Sunday, March 14, 2010

The Real Hiphop 101: The H2Ed Guidebook Series

Beyond trying to teach hip-hop as a subculture in America, different educational systems (from elementary schools to colleges) are exploring ways to use hip-hop's creativity and energy to help students learn about cultural, social and political issues in today's world. After digging deep in some textbook crates, I found one of the rare books that explains the best ways to use hip-hop as an educational tool - The Hip-Hop Education Guidebook by the Hip-Hop Association.
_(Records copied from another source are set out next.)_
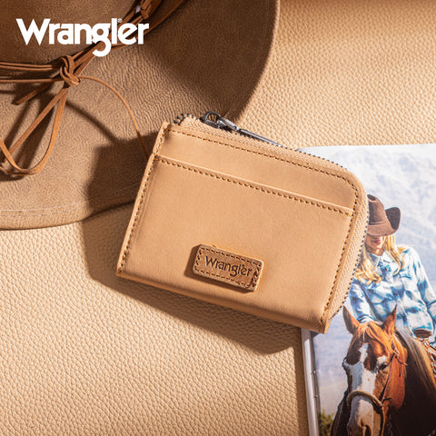 Made of Genuine Leather, this RFID wallet has: Wrangler logo An open pocket on the front and on the back Zip around closure 4 credit card slots RFID Protected  ...
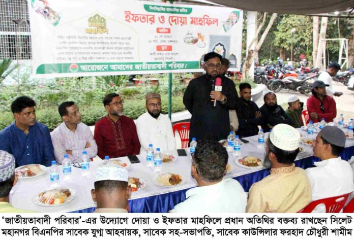 ইফতার ও দোয়া মাহফিলের দোয়া পরিচালনা করেন সিলেট মহানগর যুবদলের সিনিয়র যুগ্ম সম্পাদক এমদাদুল হক স্বপন।
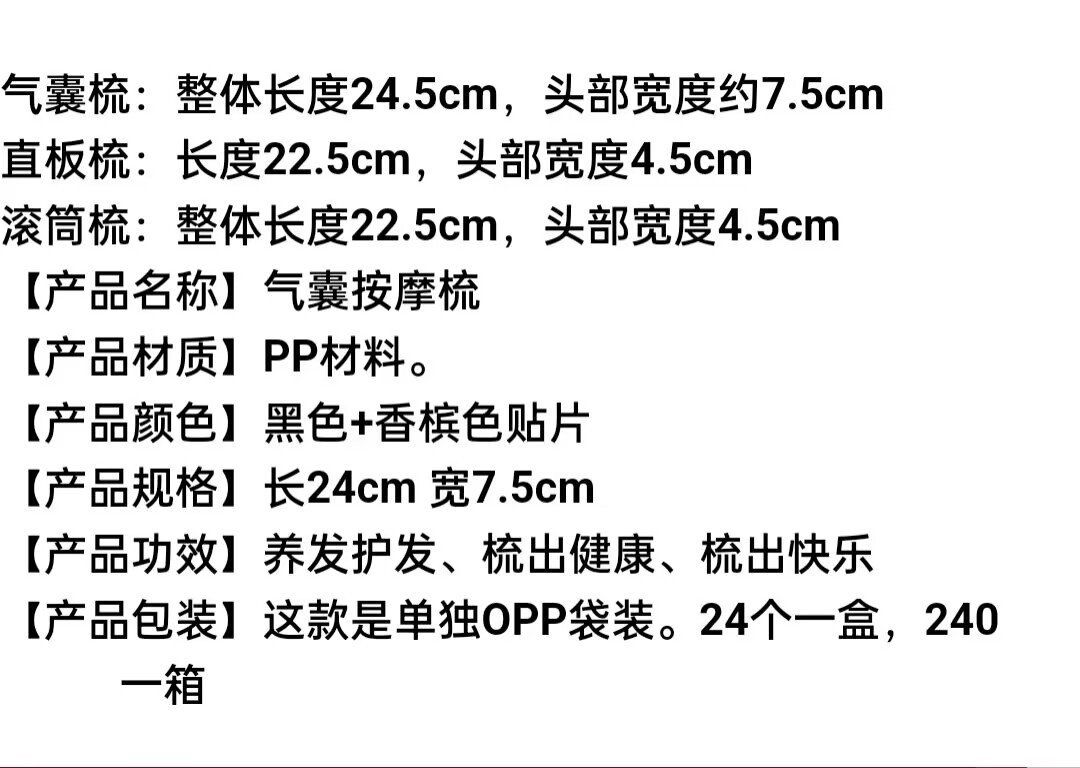 | Color | Airbag peine 9551,Cilindro curling peine 9511,Peine plano 9543,Costilla peine 9552,Comb-50X plana,Peine de cola puntiaguda,Apretón limpio,Peine de Osaka |

The Hip-Hop Association (also known as the H2A) is an organization composed of hip-hop artists, filmmakers and scholars such as Mazi Mutafa of Words, Beats and Life, Inc., renowned female battle emcee Roxanne Shante' from the legendary Juice Crew, Associate Director for the Center for Multicultural Education and Programs at New York University Marcella Runell Hall, and filmmaker and activist Martha Diaz. The H2A seeks international social change through the use of media, pop culture, education, social entrepreneurship, leadership development and diplomacy.
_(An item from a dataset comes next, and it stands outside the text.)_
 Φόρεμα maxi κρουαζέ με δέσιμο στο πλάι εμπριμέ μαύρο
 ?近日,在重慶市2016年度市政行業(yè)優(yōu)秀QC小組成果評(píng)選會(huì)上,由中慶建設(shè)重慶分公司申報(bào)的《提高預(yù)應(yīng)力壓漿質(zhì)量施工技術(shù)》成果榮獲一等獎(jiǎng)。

The Hip-Hop Education Guidebook Volume 1 (edited by Martha Diaz and Marcella Runell Hall under the H2A) is a resource book for parents, teachers and scholars that addresses how to analyze hip-hop's influence in mainstream American society and pop culture from a scholarly standpoint. It doesn't explore the hip-hop arts in as interesting a way as That's The Joint, but it does have creative ways to finally put hip-hop in the classroom. It offers extraordinary ways to develop a student's writing in both poetry (because, of course, rapping is poetry in motion) and storytelling.

Plus, the book shows ways to use breakdancing to explore human anatomy and the laws of physics. In short, this book explains how hip-hop educates its community, and it takes hip-hop outside of the streets by putting it into the schools. It also addresses how to approach things such as diversity, leadership development, cultural heritage and identity in ways the hip-hop culture has done in its past - with its arts.

This 246-page book is now available as print for $26.50 and as a download for $10.55.